At present, surgical suture treatment can be performed for spinal patients after nerve injury, but nerve regeneration and functional recovery require comprehensive treatment including drug treatment. However, there is still a lack of adjuvant therapeutic drugs that can effectively promote
nerve regeneration and functional recovery. Drug treatment after nerve injury is the basis of nerve injury treatment and an important supplement to surgical treatment. Finding an effective method for treating spinal nerve injury and studying its mechanism of action may have important basic
and clinical significance.

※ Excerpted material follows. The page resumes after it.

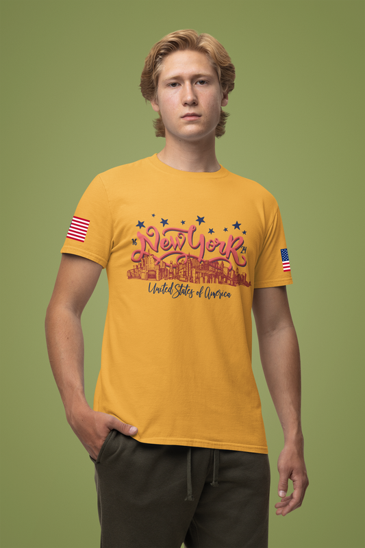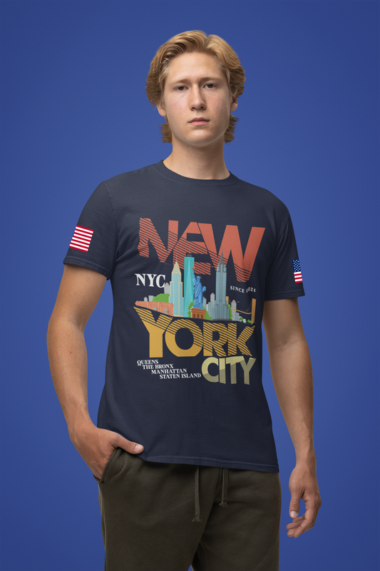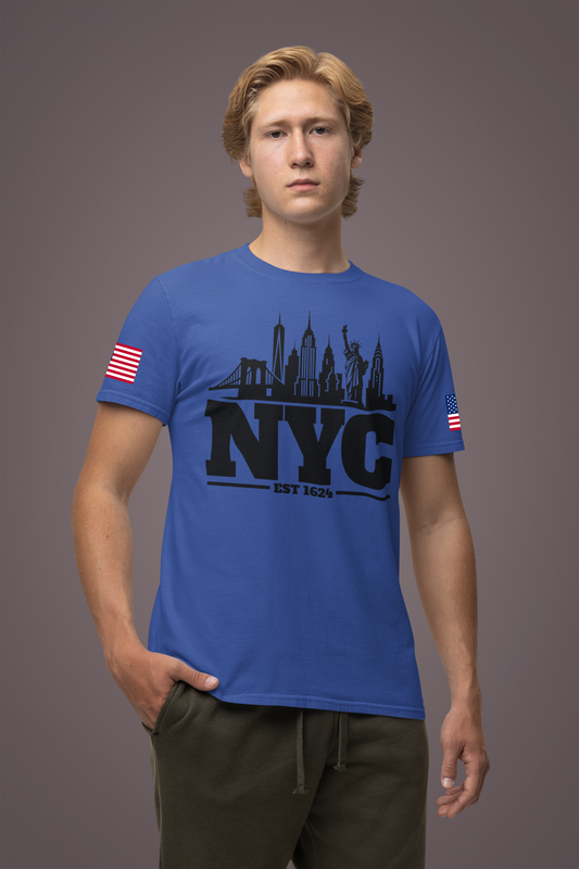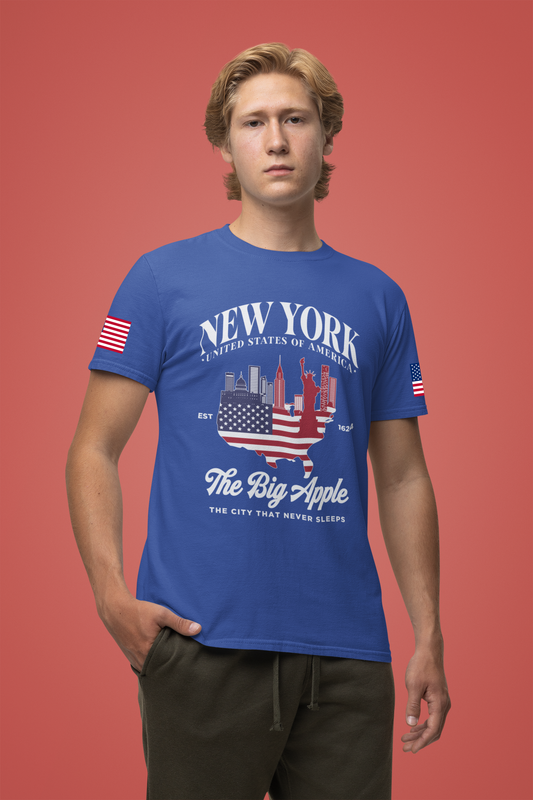 New York The Big Apple T-Shirt - NYC Skyline USA Flag Design Est 1624

The nanofiber catheter material simulates the nano/sub-micron level collagen fiber bundle structure of cells in the body, so it has been more and more widely used in the field of tissue engineering. Therefore, in this study, PHBV nanofiber catheter was successfully
prepared by electrostatic spinning method, and the nanofiber catheter was characterized by SEM and DSC tests. The PHBV nanofiber catheter prepared by this research method has excellent characteristics such as porosity, large specific surface area, stable structure, thermal stability, and good
mechanical properties. At the same time, adult male SD rats were selected to establish an animal model of cervical spine injury in this experiment. The expressions of three inflammation-related factors (IL-1α, IL-10 and TNF-1) were analyzed by ELISA. The results showed that in
the spinal injury group, the expression of the three inflammatory factors all showed a significant increase over time and then reached a peak, then decreased and stabilized. This showed that the PHBV nanofiber catheter repairs cervical spine injury by affecting the inflammatory response, which
is conducive to repairing cervical spine injury. RT-PCR was used to detect the expression of CNTF, GAP-43, and Tubulin-related proteins. During the neural regeneration process in rats, the expressions of both backbone proteins continued to be expressed, and they were first up-regulated and
then flattened. This indicated that in the early stage of neural regeneration, a large number of skeletal proteins are synthesized, and they continue to be expressed at low levels over time, laying a foundation for the axon skeleton reconstruction.